The US National insitute of Health announced the preliminary results of a trial which showed that advanced COVID-19 patients who received remdesivir recovered faster than similar patients who received a placebo. The results from the randomised, controlled trial involving 1063 patients, are in contrast to a separate smaller trial published in the Lancet, which showed no clinical benefit for remdesivir in COVID-19. So does it work or not? Tasmanian Times sourced some Australian experts to comment on what we know so far.
Dr Phillip Reece is a consultant to the pharmaceutical and biotechnology industry and an Honorary Senior Fellow in the Department of Pharmacology and Therapeutics at the University of Melbourne.
“The trial of remdesivir reported in the Lancet by Wang et al was stopped early due to difficulty in enrolling the target number of patients. The study was conducted in China and the number of new cases suitable for enrolment in the trial has declined substantially over the last few weeks as lockdown measures implemented by the Chinese have had the desired effect. Hence there were too few patients to complete the trial.
(The accompanying) comments by Norrie from University of Edinburgh, outline the reasons the trial was inconclusive. The trial did not have sufficient patient numbers to draw conclusions because it was statistically under-powered.
The announcement today by Fauci relates to a clinical trial sponsored by the NIAID in the USA of remdesivir. This follows an announcement in February that the trial was about to commence. The announcement is clearly preliminary and may have been precipitated by the accidental disclosure of the results of the Wang trial by the WHO on their website. That disclosure suggested that the outcome of the Wang trial was negative. This was disputed by Gilead, the founder of the drug and by Professor Fred Hayden an infectious diseases clinician from the University of Virginia.

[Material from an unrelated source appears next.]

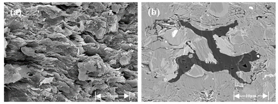 Microscopic characteristics of clay mineral lamination of Gulong shale. ((a) bedding fractures between sheet clay minerals; (b) bedding fractures between sheet clay minerals).

Today’s announcement indicates that the NIAID sponsored trial was positive and reduced the duration of symptoms of COVID-19 infection by 4 days. That is, patients receiving placebo had a duration of symptoms of 15 days and those receiving remdesivir, 11 days. The results were reported to be statistically significant. The trial also suggested there was a survival benefit but this was not statistically significant. The trial recruited a total of 1063 patients and we must assume that it had the necessary statistical power to support the conclusion reported but that will become clearer with a more detailed report.
This appears to be the first clinical trial to report a statistically significant benefit of an antiviral against COVID-19. The fact that there was a reduction in duration of symptoms of 31 per cent in hospitalised patients with advanced COVID-19 and lung involvement is encouraging.
The drug is still in early development and there are therefore limited supplies, hence it is not yet available to the general public in the United States or anywhere else. The FDA in the USA will have to determine what further information is required, including information on the safety of the drug, before it can be made widely available.
Following reports that hydroxychloroquine and combinations of HIV protease inhibitors do not seem to be effective against COVID-19, remdesivir stands alone at this time as the only antiviral drug to be potentially useful in treating patients with COVID-19 infections.”
Clinical Professor Ian Seppelt is a Senior Specialist in Intensive Care Medicine at Nepean Hospital.
“Politely, a published manuscript in Lancet has more credibility than a White House briefing.
I totally back John Norrie’s editorial. The Chinese study is underpowered and is not inconsistent with a positive trial done elsewhere, but it is not possible to comment further without seeing the actual data. With seven RCTs of remdesivir underway internationally it should be possible to get a robust answer to this question soon.”
Professor Johannes Alffenaar is Chair of Clinical Pharmacy at the University of Sydney.
“Remdesivir inhibits a part of the replication cycle of SARS-Cov-2. In order to be effective, the right amount of drug needs to be at location of infection at the right time. At this moment it’s not crystal clear what that concentration should be and whether it is reached with the dose used in the trial. Also, the timing of starting the drug is critical. If the virus has already replicated massively in the body the drug is not able to turn the tide. For COVID-19 it’s not known yet when treatment should be started. It could well be that it should be started at the first symptoms to inhibit viral replication in time. Moreover, in the trial part of the patients received lopinavir-ritonavir, interferon alfa-2b, antimicrobial drugs and corticosteroids. All thought to be potentially beneficial interventions. This makes it more difficult to pick up any response related to remdesivir.
However, the biggest problem still remains the sample size of the study.
As COVID-19 is a self-limiting disease in most patients a very large sample size is needed to see an improvement related to the intervention which was not fulfilled in this trial.
As mortality was approximately 15% the severity of disease may not have been as severe as originally anticipated making if even more difficult to see a difference compared to placebo.”
Dr Gaetan Burgio is Group leader and head of the transgenesis facility, John Curtin School of Medical Research, at the Australian National University.
“The encouraging results of the clinical trial in the USA and disappointing results from China on Remdesivir treatment for COVID19 suggest that Remdesivir may improve clinical outcomes for patients, but in any case it is not a silver bullet against COVID19. It is therefore more critical than ever to keep social distancing, wearing masks or follow other preventive measures to limit the spread and eliminate the virus.”